§ **AIM OF THE TASK**
Lines below starting with the line with "Prendre à droite" and going on through the line with "الْوَقْتِ الَّذِي شَرَطَ" must be output exactly; the rest of the records must be left out.

§ **SOURCE RECORDS**
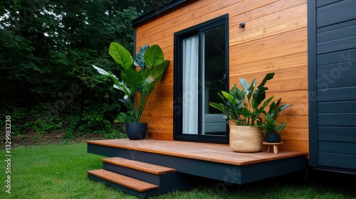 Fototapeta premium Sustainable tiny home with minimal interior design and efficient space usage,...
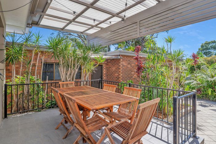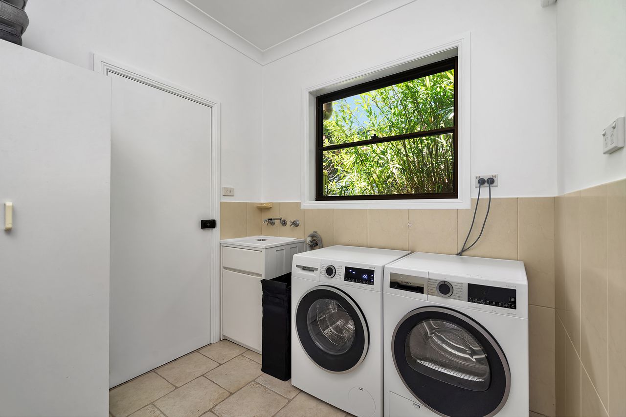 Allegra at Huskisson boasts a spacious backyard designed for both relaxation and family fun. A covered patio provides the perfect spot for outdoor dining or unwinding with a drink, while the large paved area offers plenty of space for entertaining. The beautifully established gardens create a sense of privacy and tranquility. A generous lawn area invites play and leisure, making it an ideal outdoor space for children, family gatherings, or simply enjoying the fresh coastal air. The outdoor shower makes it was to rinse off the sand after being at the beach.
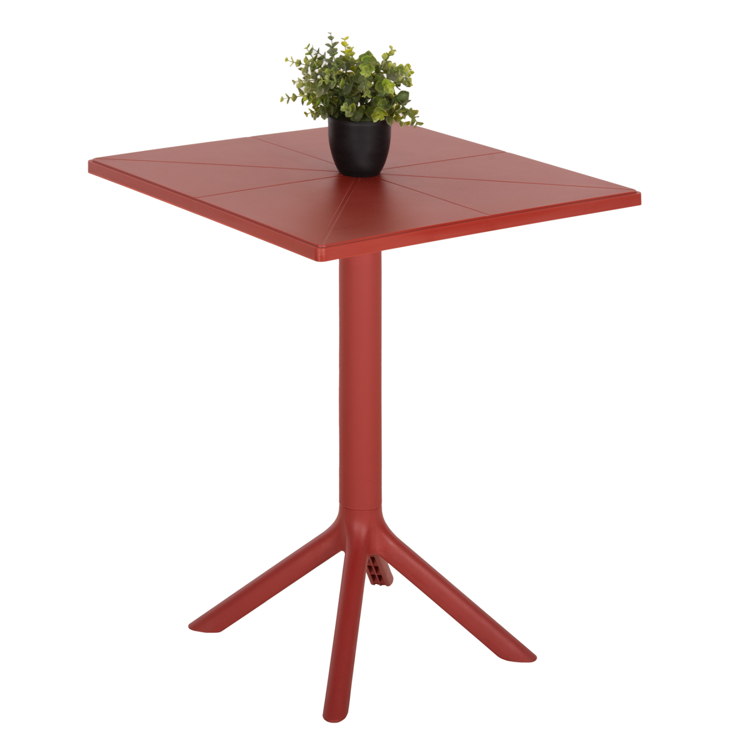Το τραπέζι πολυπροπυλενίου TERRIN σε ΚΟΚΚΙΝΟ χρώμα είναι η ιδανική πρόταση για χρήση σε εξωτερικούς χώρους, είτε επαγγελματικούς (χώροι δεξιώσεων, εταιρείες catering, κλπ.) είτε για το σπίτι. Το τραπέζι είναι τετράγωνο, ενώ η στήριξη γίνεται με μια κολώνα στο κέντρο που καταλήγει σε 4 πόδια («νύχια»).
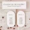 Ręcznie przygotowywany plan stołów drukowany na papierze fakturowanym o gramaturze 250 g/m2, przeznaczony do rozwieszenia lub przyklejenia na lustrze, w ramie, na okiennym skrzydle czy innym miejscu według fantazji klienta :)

---

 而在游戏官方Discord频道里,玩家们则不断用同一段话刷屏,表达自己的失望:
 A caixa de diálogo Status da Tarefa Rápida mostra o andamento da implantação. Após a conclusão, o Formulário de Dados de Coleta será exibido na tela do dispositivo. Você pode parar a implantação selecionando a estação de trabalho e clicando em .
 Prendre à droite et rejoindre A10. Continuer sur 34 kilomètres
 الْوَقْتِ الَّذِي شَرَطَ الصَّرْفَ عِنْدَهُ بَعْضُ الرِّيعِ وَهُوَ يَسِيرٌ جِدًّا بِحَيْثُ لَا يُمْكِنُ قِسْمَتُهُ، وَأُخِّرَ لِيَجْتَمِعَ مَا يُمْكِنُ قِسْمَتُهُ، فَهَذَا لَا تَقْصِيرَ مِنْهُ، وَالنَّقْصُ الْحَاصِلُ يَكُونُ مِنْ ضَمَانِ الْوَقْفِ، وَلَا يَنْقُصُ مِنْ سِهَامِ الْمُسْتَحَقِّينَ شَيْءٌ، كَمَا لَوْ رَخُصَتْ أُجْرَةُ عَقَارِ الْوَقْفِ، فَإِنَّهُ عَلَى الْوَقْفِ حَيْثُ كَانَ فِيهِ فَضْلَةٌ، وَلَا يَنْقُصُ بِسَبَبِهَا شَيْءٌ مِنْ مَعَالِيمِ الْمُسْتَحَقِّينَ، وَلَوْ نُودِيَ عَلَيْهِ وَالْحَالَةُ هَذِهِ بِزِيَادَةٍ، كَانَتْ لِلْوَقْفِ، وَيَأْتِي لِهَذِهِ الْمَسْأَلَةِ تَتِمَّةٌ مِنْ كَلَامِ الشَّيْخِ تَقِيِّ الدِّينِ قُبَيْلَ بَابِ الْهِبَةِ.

§ **ANSWER TO THIS EXERCISE**
 Prendre à droite et rejoindre A10. Continuer sur 34 kilomètres
 الْوَقْتِ الَّذِي شَرَطَ الصَّرْفَ عِنْدَهُ بَعْضُ الرِّيعِ وَهُوَ يَسِيرٌ جِدًّا بِحَيْثُ لَا يُمْكِنُ قِسْمَتُهُ، وَأُخِّرَ لِيَجْتَمِعَ مَا يُمْكِنُ قِسْمَتُهُ، فَهَذَا لَا تَقْصِيرَ مِنْهُ، وَالنَّقْصُ الْحَاصِلُ يَكُونُ مِنْ ضَمَانِ الْوَقْفِ، وَلَا يَنْقُصُ مِنْ سِهَامِ الْمُسْتَحَقِّينَ شَيْءٌ، كَمَا لَوْ رَخُصَتْ أُجْرَةُ عَقَارِ الْوَقْفِ، فَإِنَّهُ عَلَى الْوَقْفِ حَيْثُ كَانَ فِيهِ فَضْلَةٌ، وَلَا يَنْقُصُ بِسَبَبِهَا شَيْءٌ مِنْ مَعَالِيمِ الْمُسْتَحَقِّينَ، وَلَوْ نُودِيَ عَلَيْهِ وَالْحَالَةُ هَذِهِ بِزِيَادَةٍ، كَانَتْ لِلْوَقْفِ، وَيَأْتِي لِهَذِهِ الْمَسْأَلَةِ تَتِمَّةٌ مِنْ كَلَامِ الشَّيْخِ تَقِيِّ الدِّينِ قُبَيْلَ بَابِ الْهِبَةِ.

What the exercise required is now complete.